Balance transfer credit cards can be both beneficial and troublesome depending upon the ways and habits of the card holder. It could be used to get rid of outstanding debts and also build a good credit history. At the same time, balance transfers could end up as a negative mark on your credit file, especially if you indulge in them frequently. It could also land card holders in greater trouble if they do not manage their finances well.
Balance transfer should not be used as a medium to escape from one debt to another. This will create a negative impression on your credit file. Instead, one should go for a balance transfer only rarely, when there is financial sense. A good balance transfer offer allows you to cut down on your debt and get better terms than your existing credit card. Similarly as per the new credit reforms, a card issuer needs to give the card holder a 45 day notice before interest rate hike. The card holder can either accept the hike or repay the outstanding dues and cancel the card. In such a scenario, balance transfer could be a very good option.
Balance transfers could prove profitable when one can get a good introductory offer. A lot of balance transfer credit cards offer very low or even 0% interest rate during the introductory period. This gives the card holder breathing space to repay the debt without being concerned about spiraling interests. Hence, one can benefit from a balance transfer, if there is a 0% introductory offer for 6 – 12 months thus waiving off interest completely. The greater the debt, the more is the saving for the card holder.

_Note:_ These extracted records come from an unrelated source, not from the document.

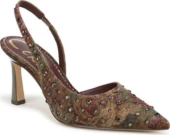 Sparkling crystals and studs dazzle atop a pointy-toe pump complete with a graceful slingback strap.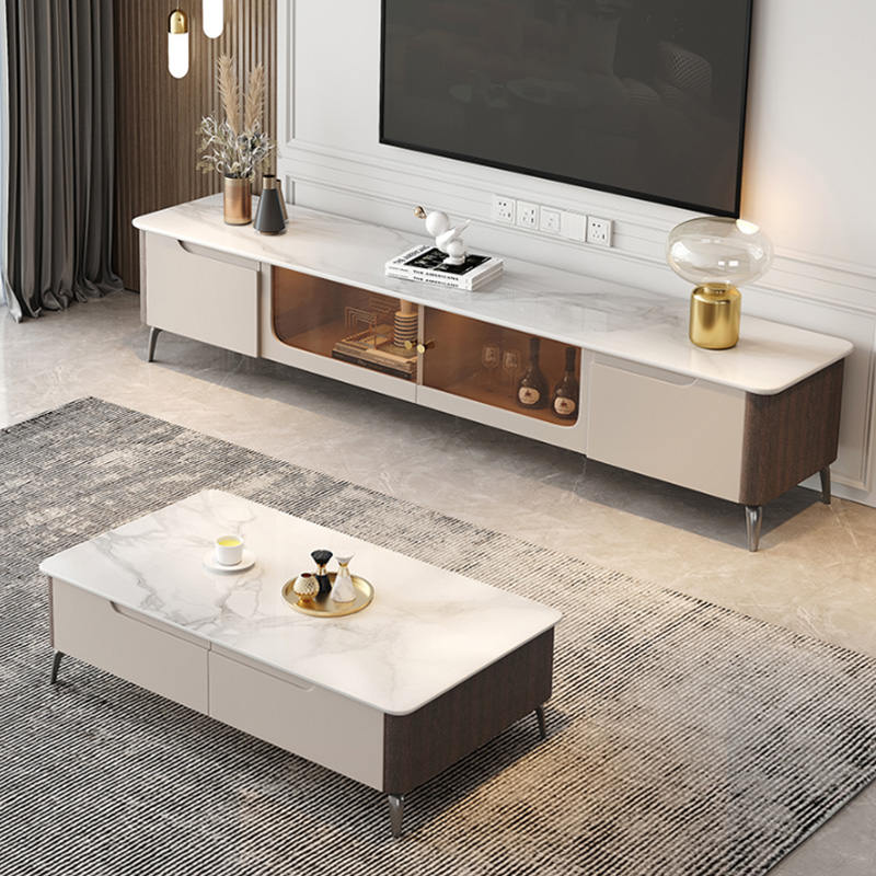 轻奢电视柜茶几组合现代简约客厅地柜岩板电视柜钢化玻璃电视柜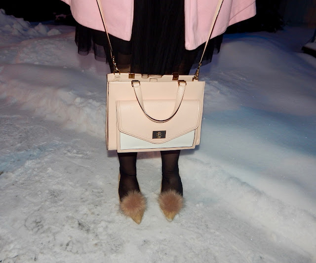 Hello lovelies! I apologize for being M.I.A. last week; it was Groundhog Day weekend and being from Punxsutawney, I took time to celebrate (plus it was freezing…not great photography weather)! Clearly, Phil was correct when he said six more weeks of winter, but instead of dwelling on the cold, I am focusing on the next holiday; Valentine’s Day! Whether you are going out, staying in, or just riding solo, you can always use a festive outfit. I chose to do a more subtle look for V-Day, wearing a black sweater with hearts, a tulle skirt, some nude pumps with pom poms, a blush purse, and a bubblegum pink coat, too. Okay, I guess “subtle” is all about interpretation! I didn’t want to wear red and pink head-to-toe (even though that is a great color palette), so I added a little black to the mix, all while sticking to a romantic theme. So, keep reading for details on how to do Valentine’s Day the oh so chic way!
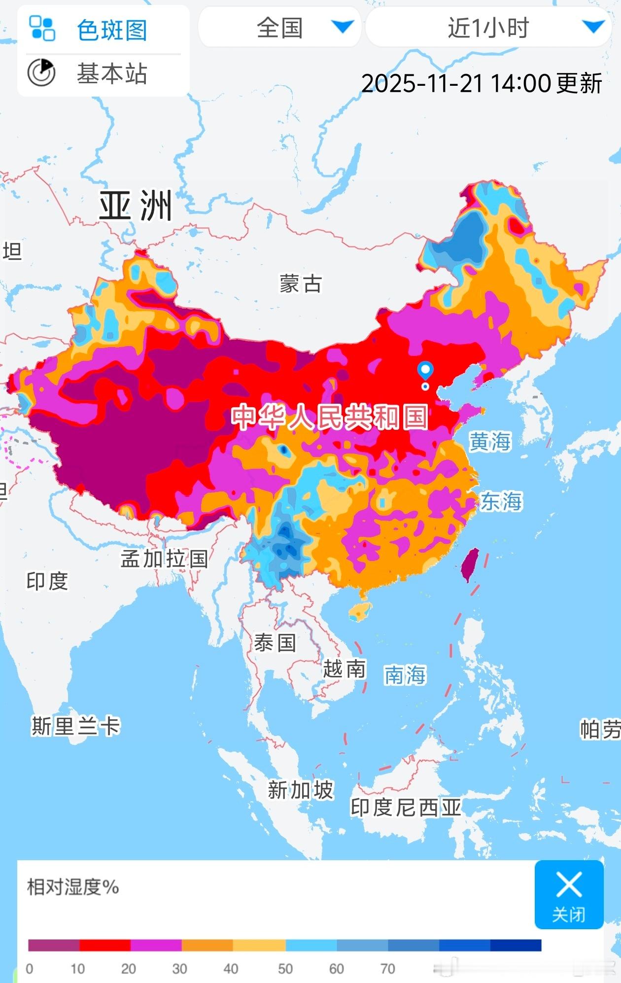 【干燥】今天下午,我国大部地区依然干燥。14时,北方多地相对湿度不足20%,比如郑州11%,石家庄13%,北京14%,天津西青17%,济南17%,太原老站(53772)17%、银川16%。南方部分地区,湿度也很低,比湖北神农架17%、福建龙岩18%、广西桂林18%、江苏南京20%、福建武夷山23%、江西萍乡29%、广东新会29%。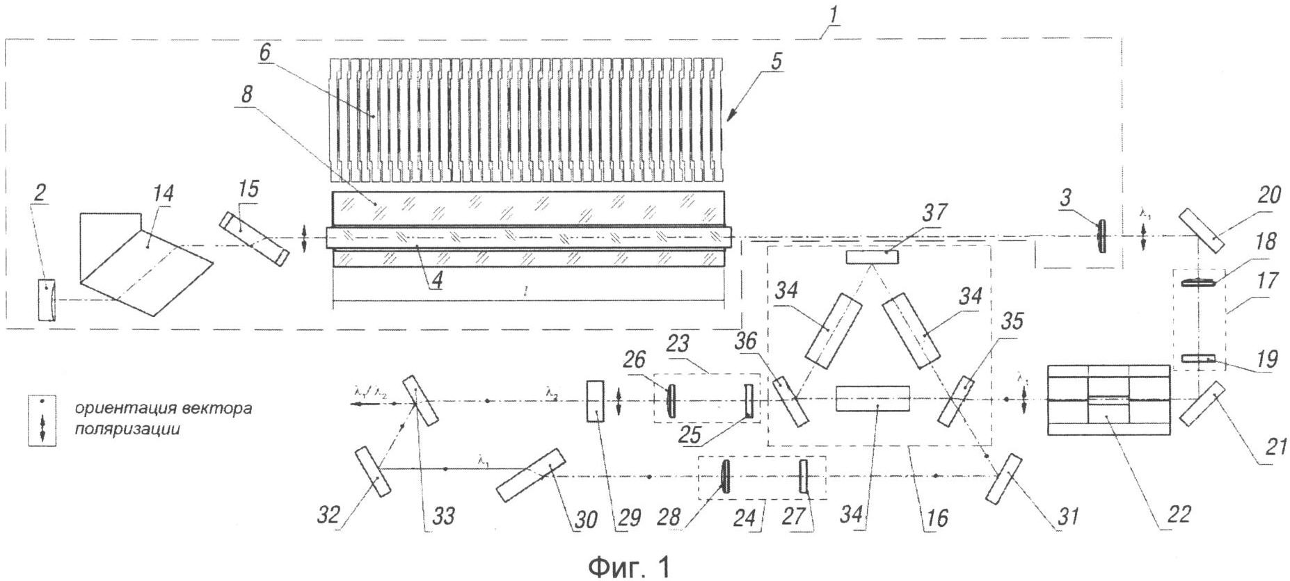 Твердотельный моноимпульсный лазер 1 образует задающий генератор двухволнового лазерного генератора, оптическая схема которого показана на фиг.1. Помимо лазера 1, этот двухволновый лазерный генератор включает параметрический генератор 16 света, обратный телескоп 17, образованный сферическими линзами 18 и 19 и оптически подключенный к выходу лазера 1, зеркала 20 и 21, электрооптический ключ 22, прямые телескопы 23 и 24, образованные сферическими линзами 25, 26 и 27, 28 соответственно, полуволновую фазовую пластину 29, поляризатор 30, глухие зеркала 31 и 32 и дихроичное зеркало 33. Увеличение прямых телескопов 23 и 24 может быть равным увеличению обратного телескопа 17. Дихроичное зеркало 33 выполнено так, чтобы отражать излучение на одной волне генерации двухволнового лазерного генератора и пропускать излучение на другой длине волны генерации. Например, зеркало 33 может отражать излучение с первой длиной волны, лежащей в диапазоне 1 мкм, и пропускать излучение со второй длиной волны в диапазоне 1,5 мкм.

There are very attractive balance transfer offers that are offered during the festive or holiday season. If you have budgeted to spend a stipulated amount of around $500 for the holiday shopping, for example, you could go for balance transfer credit cards which offer handsome rewards. Also some balance transfer cards offer a $100 rebate if the card holder manages expenses of over $400 - $700, varying from one card to another. Such rewards will ensure that you benefit positively from the balance transfer. Moreover, make sure that the new credit card has a lower or equal interest rate compared to the previous credit card. Only, then will it make long term financial sense.